Lower! Much lower for what it's worth...

The only caveat would be that, if tech stocks (through some miracle of creative accounting) were to rebound to verifiable growth rates approaching the growth rates that tech stocks claimed during the bubble years, then and only then, might we see very appreciable gains in the major indices. ( I don't really believe that growth was as glorious as stated during the bubble years. I think it was artificially goosed by aggressive creative accounting methods.) As it stands now, I think the recent tech growth is attributable to inventory replenishment, not consumer or end user sales growth. Consumer debt and the end of tapping into home equity, combined with job losses will eventually cap any growth in consumer spending, though consumer spending will remain at an acceptable level. And I think the markets will remain bifurcated, with consumer durable and non-durables performing acceptably and most techs (biotech could go either way) remaining in deep bear conditions.
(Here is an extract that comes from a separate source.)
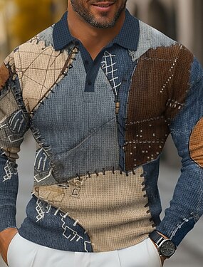 Homme Bloc de Couleur Chemises Polo Gaufre manche longue Polos Chemises à Col Occasionnel Tenue quotidienne Impression 3D Boutons Printemps Automne Hiver Bleu Marron Gris

Or looking at it from a different perspective, business to consumer stocks will remain stable, while business to business stocks remain troubled.

Regarding bonds, in my entire life, this is the first time ever that I can remember commercial debt carrying risk levels that I perceive as being equal to (or greater than for some companies) equity risk levels. I think that a fair number of bankruptcies are on the horizon, as I don't see how some of these firms will ever repay enormous debts with ever shrinking revenues. And treasuries carry some degree of risk, given their current levels and the likelihood that the Fed will eventually raise the rates higher, whether 6 months or 2 years from now.

But what do I know...

KJC

PS - I realize it's past the closing time for your poll, but that's my two cents worth anyway...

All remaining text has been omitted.